Title: Frog and bunny-shaped quaternion Julia sets Post by: tkim on July 30, 2015, 04:13:19 AM Since there is so much discussion of the 3D Mandelbulb on this forum, I thought you might be interested in my recent paper, "Quaternion Julia Set Shape Optimization":
http://www.mat.ucsb.edu/~kim/JULIA/ It describes a method for finding quaternion Julia sets that approximate any arbitrary shape, including a bunny: (http://www.mat.ucsb.edu/~kim/JULIA/images/bunny_medium.png) a frog: (http://www.mat.ucsb.edu/~kim/JULIA/images/frog_medium.png) and a tooth: (http://www.mat.ucsb.edu/~kim/JULIA/images/tooth_medium.png) A video describing the whole process is here: https://youtu.be/uZVGw5ataP0 Finding these Julia sets seems possible, but unfortunately, not very easy. Source code is also available if you are interested: http://www.mat.ucsb.edu/~kim/JULIA/source.html It is firmly research code; not a full-featured application. Still, I hope somebody finds it useful.

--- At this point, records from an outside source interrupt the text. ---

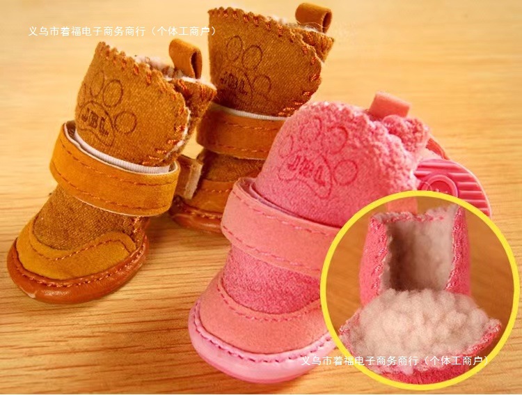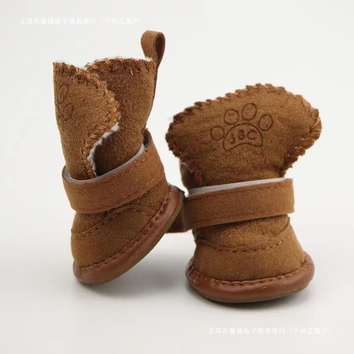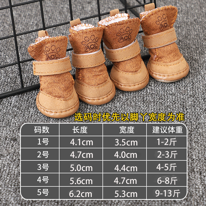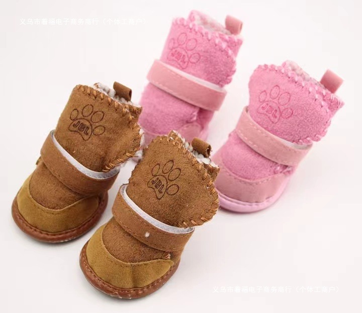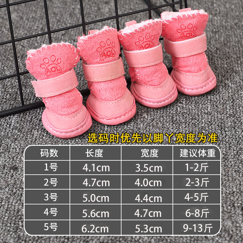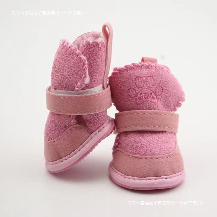 신발 치와와 고양이 가을 겨울 스노우 부츠 신발 개 테디 신발 미끄럼 방지 따뜻한 양털 면화 신발 개 애완 동물스토어 가기
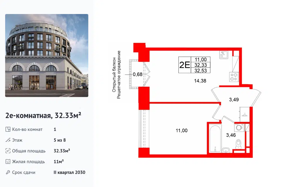 1-комн. кв., 32.33 м², 5/1 этаж
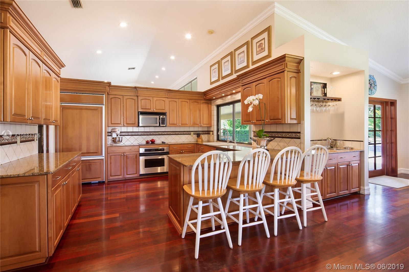 Elegance at its finest! This immaculate 7 bedroom/4 bath estate has it all. Pride of ownership is evident from the solid Mahogany wood double entry doors to the Brazilian cherry wood floors throughout. The home features an updated gourmet kitchen with cherry wood cabinets, granite counters and stainless steel appliances. All four baths have been tastefully updated with gorgeous travertine marble in the expansive master bath. Family room has a wet bar and a true wood burning fireplace. Wood French doors lead to a large brick paver covered patio and pool w jacuzzi, perfect for entertaining. This home sits on an acre homesite completely fenced and professionally landscaped on one of the best streets in Plantation Acres. Triple zone a/c and two hot water heaters. Close to Sawgrass Mall.
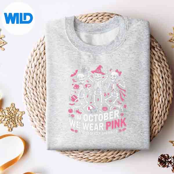 In October We Wear Pink Halloween Skeleton Breast Cancer
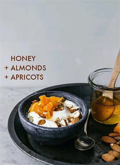 将蜂蜜倒入酸奶内拌匀,放入碎杏仁和切碎的杏子,最后放一小点儿蜂蜜在上面就完工咯。
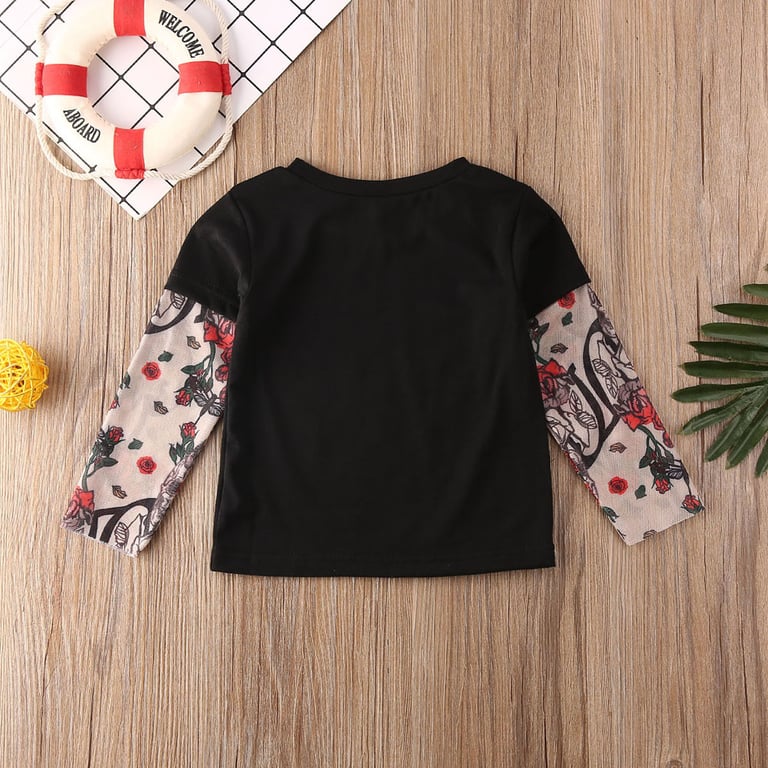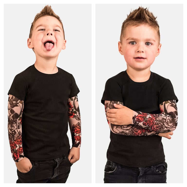 Camisa de tendencia para niño con manga larga de tatuaje – negra

Title: Re: Frog and bunny-shaped quaternion Julia sets Post by: cKleinhuis on July 30, 2015, 11:50:08 AM way coool, hello and welcome to the forums
you can assume that we guys want to play with your algorithm ;) for now you cen elaborate some inner mechanics, are you using a massive hybrid to create this shape fitting formula ? after the shape search is finished what is the result ? a bunch of numbers that do not slow down the final rendering process? it looks like you do it in realtime, but hard to tell from a video Title: Re: Frog and bunny-shaped quaternion Julia sets Post by: kram1032 on July 30, 2015, 01:07:27 PM Really neat! Is this a 3D-extension of the algorithm a couple years back capable of making Julia-sets in any 2D shape or is this an entirely different approach?
Title: Re: Frog and bunny-shaped quaternion Julia sets Post by: tkim on July 31, 2015, 08:09:34 PM It's inspired by the analytic 2D solution from a few years ago, and uses a lot of the same formulas. But, that approach used a bunch of conformal theory that don't appear to generalize trivially to 4D (I asked), so I formulated a numerical approach.
The paper goes into gruesome detail on how this is all done. It is much, much slower than the usual quaternion Julia sets, because it doesn't use a quadratic polynomial map. Instead it uses a rational function with hundreds of roots, which is why it can fit things, but it then takes a long time to evaluate, e.g. an hour per frame. The video is a result of deploying the render to a cluster. Definitely not real-time. The GPU isn't as helpful as usual on this front either, because it needs to remember hundreds of root locations instead of just one "c" constant to add every time, so it runs out of registers quicker than usual. So, it looks like this is possible :D but not yet fast :sad1:. Title: Re: Frog and bunny-shaped quaternion Julia sets Post by: kram1032 on July 31, 2015, 08:51:50 PM Wait a second, since it's 4D but it (presumably) "only" fits roots in 3D, could you make it, like, fit another 1D object in the remaining dimension? Or, perhaps slightly more neat, two different 2D objects in perpendicular directions. Or else with some shoehorning / creativity, it might be possible to fit two 3D objects which happen to, like, share an outline in one dimension so you can have them overlap. Yeah, with these complex shapes I'm not surprised it's terribly slow. |